One question that is immensely fascinating and much discussed is the dedication at the beginning of this first Quarto Edition of 1609. And I am not going to go into it here. Because it practically merits an episode entirely of its own and I may yet decide to record this episode either at the end or at halfway point, or at some point, but for the moment let it suffice that the first ever printed edition carries a dedication not by the author but by the printer to a “W. H.” whom he calls “the only begetter of these ensuing sonnets.”

Much has been made and quite rightly continues to be made of who this W.H. is, and what is meant by “the only begetter.” Is it the writer of the Sonnets, as some people think? That would mean W.H. is a misprint and a fairly substantial clanger right there on the dedication page. Or is it the person who made them available for publication? Some people argue it could or should be the Fair Youth himself, the addressee of the majority of the Sonnets, but that immediately begs the question, what of the Dark Lady, the other principal addressee of the Sonnets? And why would the printer dedicate his edition to the person who features in the poems anonymously? So while we can’t answer these questions here and may never be able to answer them completely anywhere, the dedication is almost a symbol for the question of what can and can’t be known. And the fact is and remains, we don’t know anything other, really, than the actual words, and when it comes to the Sonnets, these are among the finest words ever written by anyone who ever lived.

And this is one thing that is perhaps worth pointing out: I am first and foremost a writer and so I am approaching these Sonnets from a writer’s perspective, rather than, say, from a purely academic perspective. And while it is true to say that we know very little about these Sonnets, an awful lot of material exists about them. There is a wealth of analysis out there and if you employ your favourite search engine, you will immediately happen upon reams of theory about the sonnet as a poetic form in general, about the interpretation of Shakespeare’s Sonnets in particular, and about everything to do with William Shakespeare’s Sonnets.
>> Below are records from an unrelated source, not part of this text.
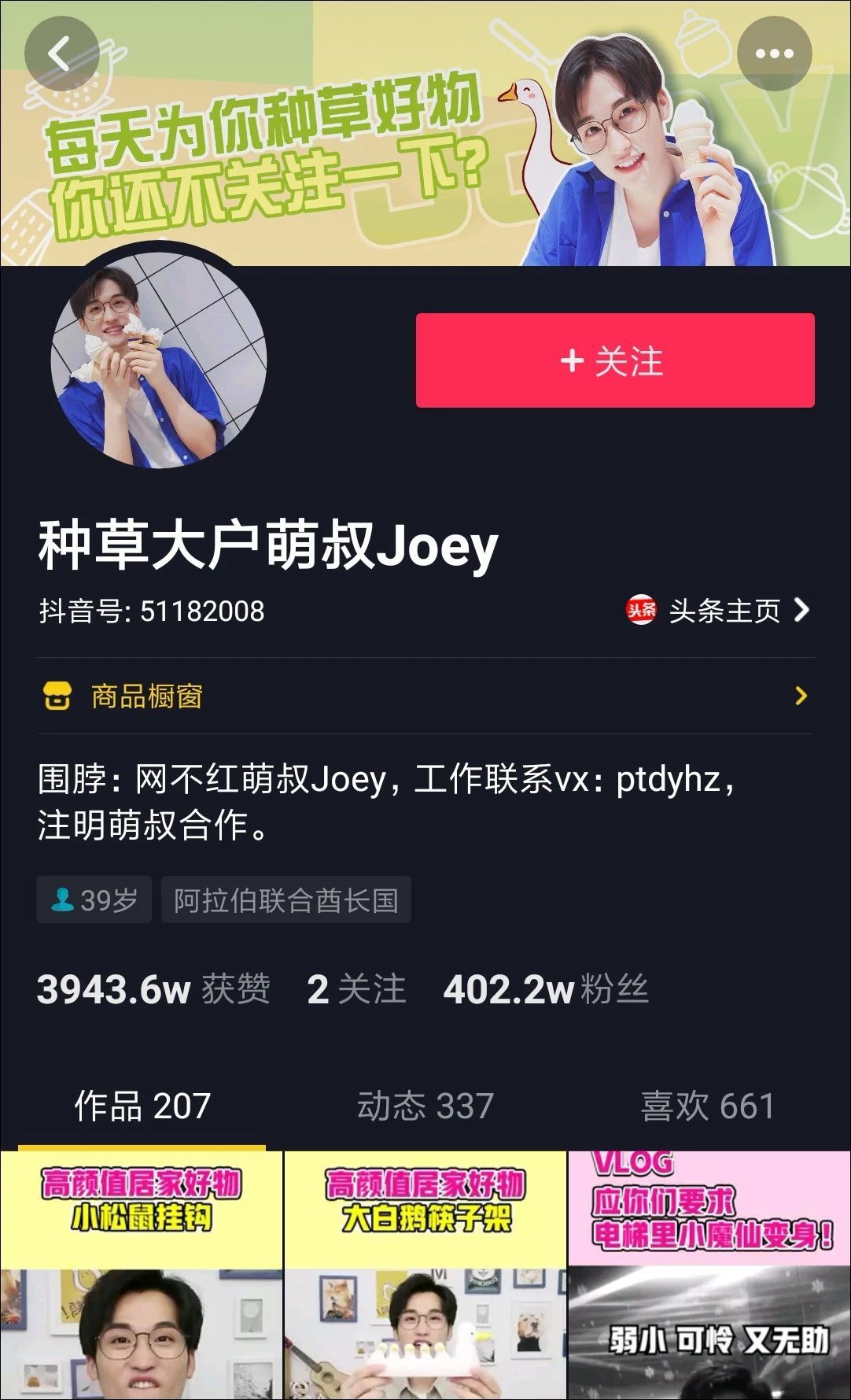 比起微博的大號,這個小號的內(nèi)容更加垂直化。 目前從數(shù)據(jù)來看,“種草大戶萌叔Joey”的表現(xiàn)也是十分亮眼,目前發(fā)布204個視頻,已有402萬粉絲,獲3943萬個贊,最近發(fā)的一條視頻點贊量也高達101萬。
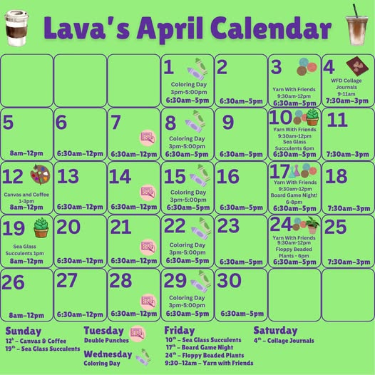 Experiment with succulents, knit the night away, try your hand at canvas painting or whip out your favorite board game—all with your favorite espresso or latte in hand. Enjoy the variety of activities available throughout the month of April.
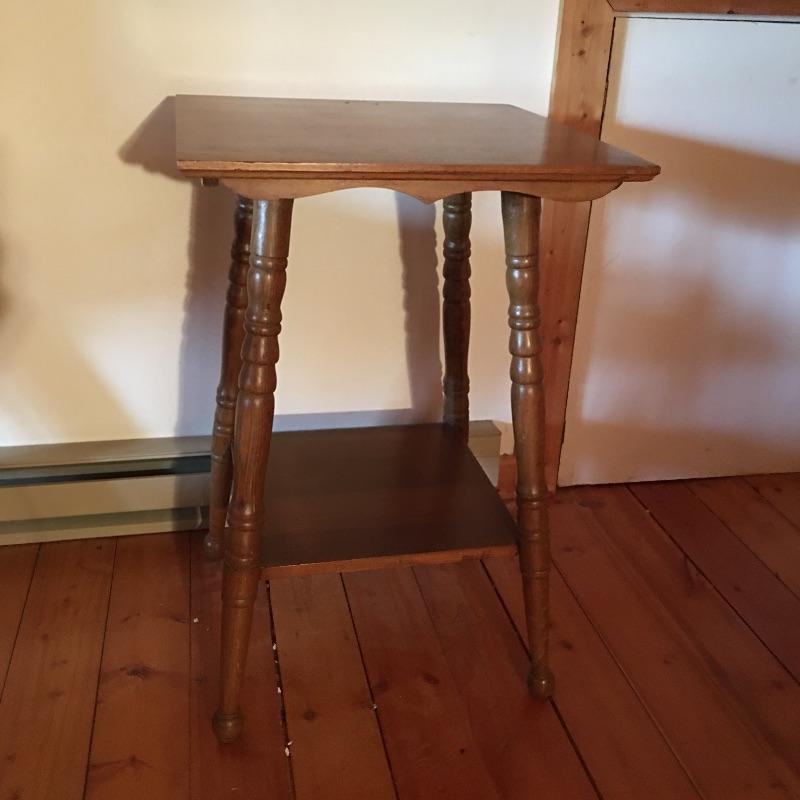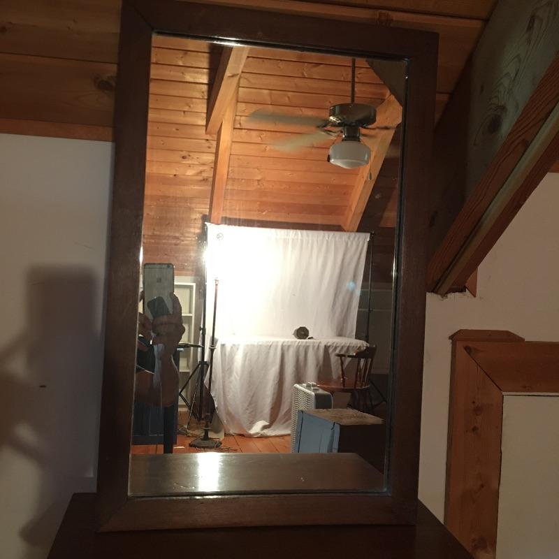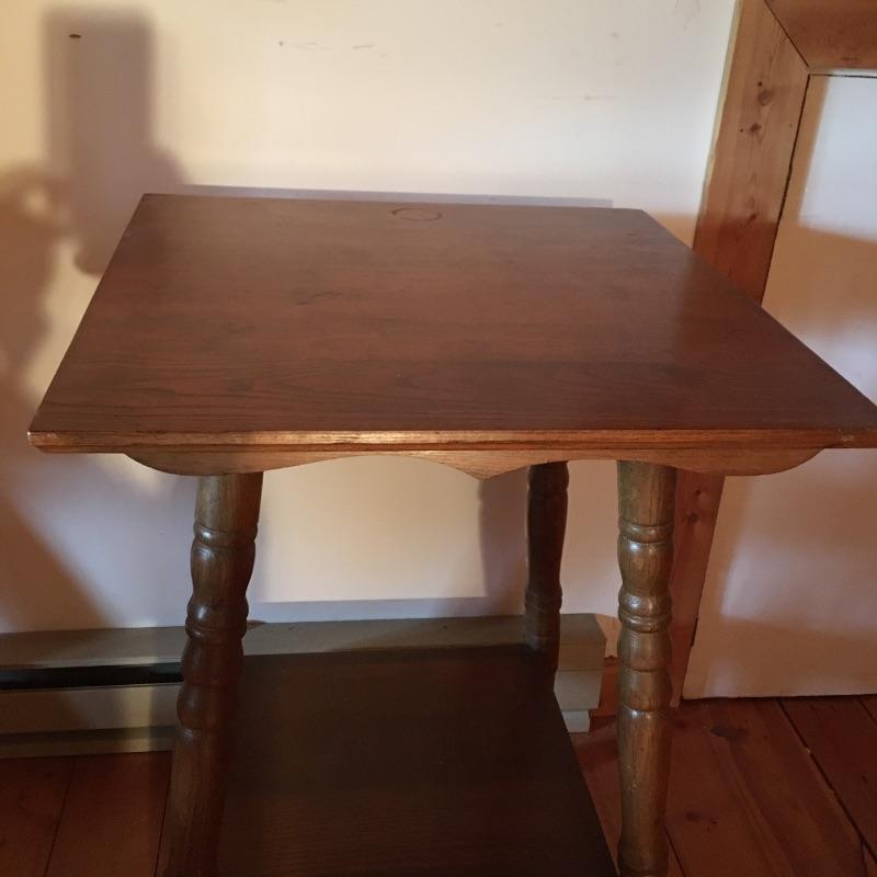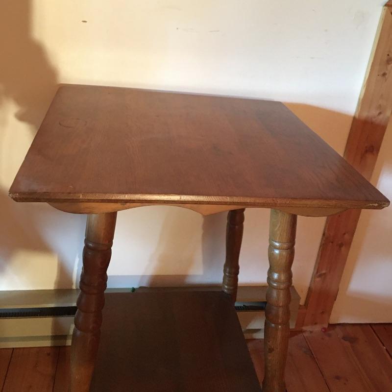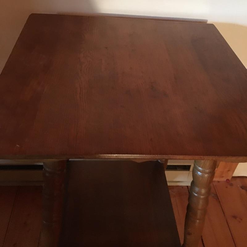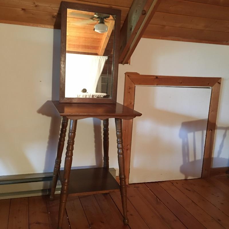 This wooden table with a shelf and wooden framed mirror are great accents to any room. Use both in your entry room or in any small space. The table has a few nicks and scratches and circle on top, see pictures. The wooden framed mirror that is much heavier than it appears.. Table measures 20” x 20” x 30.5”.
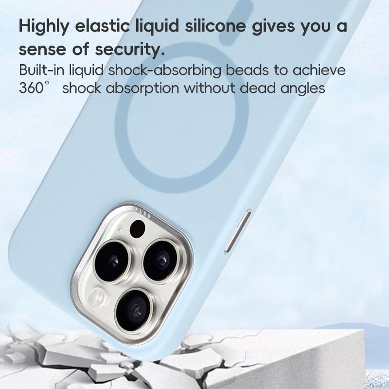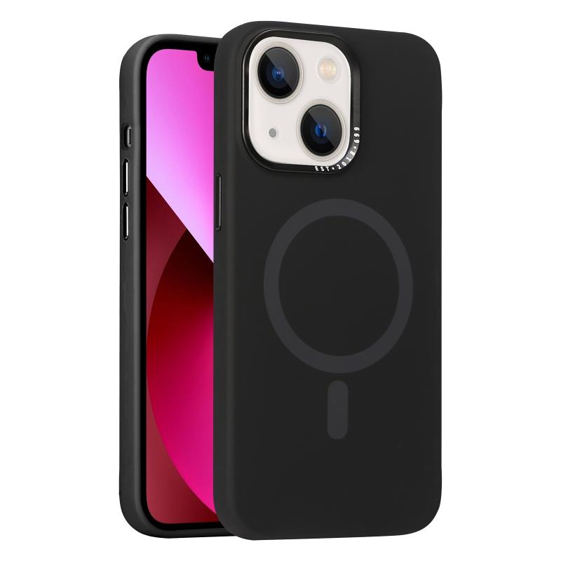 For iPhone 13 Metal Lens Frame Liquid Silicone MagSafe Phone Case(Black)
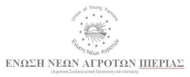 Την Δευτέρα, 9 Ιουλ 2012, στις 21.00, στα γραφεία της Ένωσης Νέων Αγροτών Πιερίας στο Παλαιό Κεραμίδι Δήμου Κατερίνης προσκαλούνται όλοι για την πανηγυρική έναρξη μιας νέας προσπάθειας στον αγροτικό τομέα.
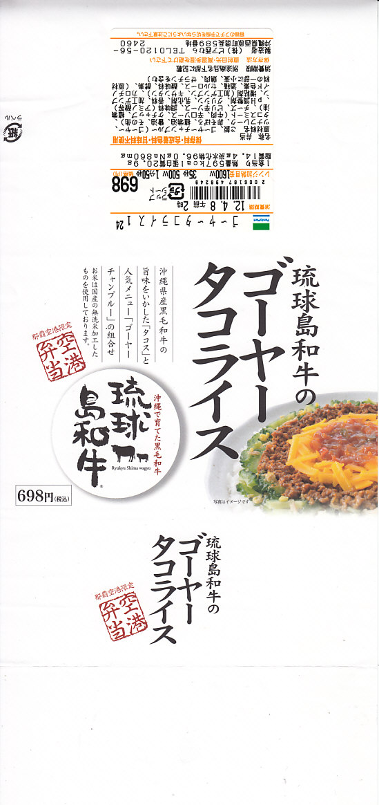 2011年7月12日に「琉球島和牛のゴーヤータコライス」「琉球島和牛のステーキ弁当」「焼鯖寿司」の3種が同時にデビューした、那覇空港のコンビニエンスストア「ファミリーマート」の空弁。手荷物検査場の外で弁当や惣菜が買える店は、ここだけだった。 コンビニ弁当向けの浅く平たい長方形のプラ製惣菜容器に御飯を敷き、刻んだゴーヤーとツナと玉子の炒め物と、タコスミートと書いてある牛そぼろの辛口ソース焼きにチーズとピリ辛ソースを振り掛けたもので覆う。つまりコンビニ弁当なのだが、味と内容と体裁はコンビニ弁当よりだいぶ高級で、空弁にしてもスマートだと思う。 琉球島和牛とは、兵庫県神戸の琉球食堂業者が商標を持つ、その子会社で那覇の食品加工業者である琉風が実施する事業で生産される、沖縄県産の黒毛和牛。沖縄で肉といえば豚肉であるが、筆頭格の石垣牛をはじめとする牛肉のブランドや生産地もそこそこ生まれているらしい。たしかに、第二次大戦後に占領軍が持ち込んだアメリカの食文化も戦後世代や観光客に親しまれているから、牛肉を出されても不思議にも不自然にも思わない。 【那覇空港】1933(昭和8)年8月開港 沖縄県那覇市字鏡水 http://www.naha-airport.co.jp/ 【株式会社ピア西むら】沖縄県西原町翁長589番地 0120-56-2460 Copyright (C) 2006-2022 まっこうくじら |
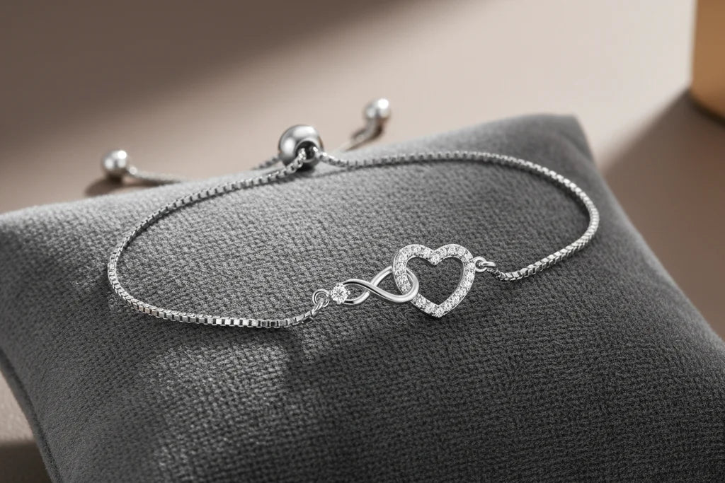 The classic Heart Infinity Bracelet features a simple yet elegant design, crafted from genuine 925 sterling silver with a heart & infinity motif and refined crystal accents. Known for its timeless symbolism and romantic appeal, it’s suitable for everyday wear and meaningful occasions alike.
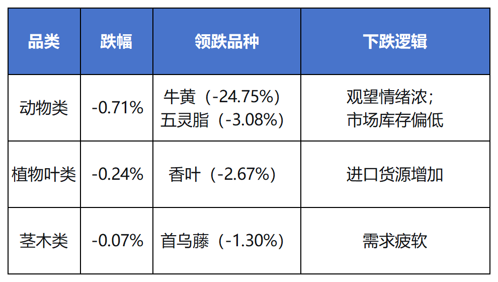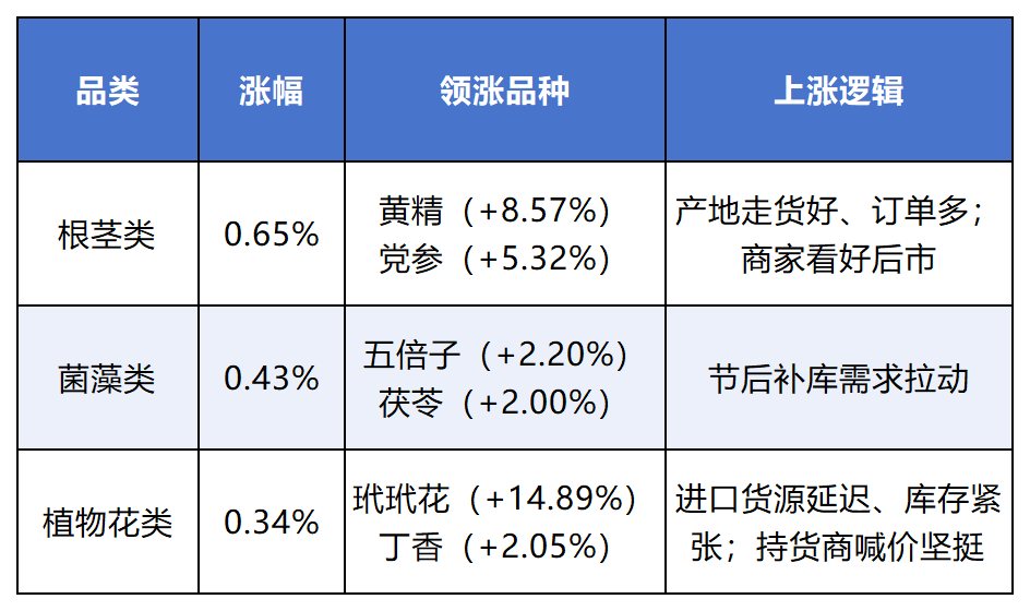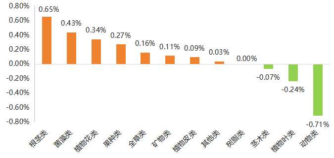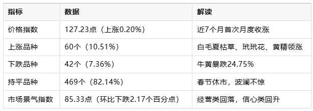 从细分品类看,12个大类呈现8涨1平3跌格局,上涨面大幅扩大。根茎类、菌藻类、植物花类领涨大盘,成为支撑指数上行的核心动力;动物类、植物叶类、茎木类小幅调整,但整体跌幅有限,市场系统性风险已明显释放。
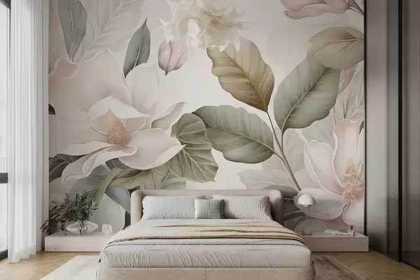 Fotobehang Magnoliabloemen met bladeren in pastelkleuren, wit, roze en groen, zacht, delicaat, aquarelstijl N° w09427
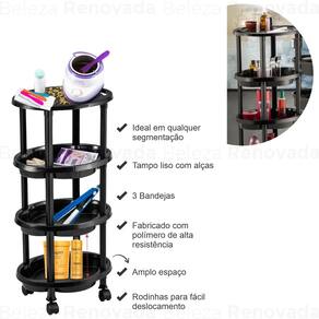 Com 3 bandejas plásticas lisas de fácil acesso, este carrinho promove funcionalidade ao organizar e acomodar seus produtos e acessórios de beleza de forma organizada. Além disso, a base redonda com rodízios fabricados em nylon proporciona grande estabilidade e mobilidade ao produto, facilitando o deslocamento em seu salão de beleza.

My approach to writing The Sonneteer and then subsequently to creating the video blog and now to this podcast has been and remains to almost entirely eschew external sources and third party references and do one thing and one thing almost only – I say almost here because there will in the course of this podcast be some exceptions, but principally I will listen to the words. My contention is – and I hope and to some extent trust that this podcast may help prove – that the words themselves tell us a great deal about Shakespeare, about the people he talks to and about, and also about the story, or certainly about a possible story behind the Sonnets.

Let me reiterate this principal caveat: nothing that I can say in this podcast is an incontrovertible truth. Because there is none. We don’t know anything for certain, except what is written down in the Sonnets. But – and this is why they are so exciting – these words are very, very revealing in the best possible sense:

A writer here has put his soul, his heart, his entire being into this writing. These Sonnets tell us more about William Shakespeare the man than any of his magnificent plays, nor let alone his long dramatic poems, of which there are two. The Sonnets – and this I find virtually impossible to doubt – talk about Shakespeare himself, about his love, his lust, his passion, his frustrations, his jealousy, his angst, his disgust, his anguish, his joy. There is no good reason to assume that that isn’t so.

And this leads me – almost in parentheses – to briefly touch on the ‘authorship’ question and declare quite categorically that to my mind and knowledge there simply is no authorship question. I take absolutely as given that these Sonnets are Shakespeare’s and that Shakespeare existed, and that he wrote his own works.

There is a whole separate debate that can and should be had about Shakespeare’s collaborations and the extent to which some of his plays are his, partly his, or compromised versions of what he actually wrote, but there is virtually no evidence that Shakespeare was not who we think he was or that he did not write his own works under his own name. And so there is absolutely no doubt in my mind that Shakespeare was real: a real person, a real writer who wrote his own real plays, and his own real poetry. I am yet to be presented with a single compelling piece of evidence or even good-enough argument to suggest otherwise.

And that is absolutely one of the premises that I am taking with this podcast, the ‘authorship’ question to my mind does not credibly exist. William Shakespeare lived and wrote, and William Shakespeare, and William Shakespeare, as far as anyone can tell as far as the evidence that we have goes, is the author of these Sonnets.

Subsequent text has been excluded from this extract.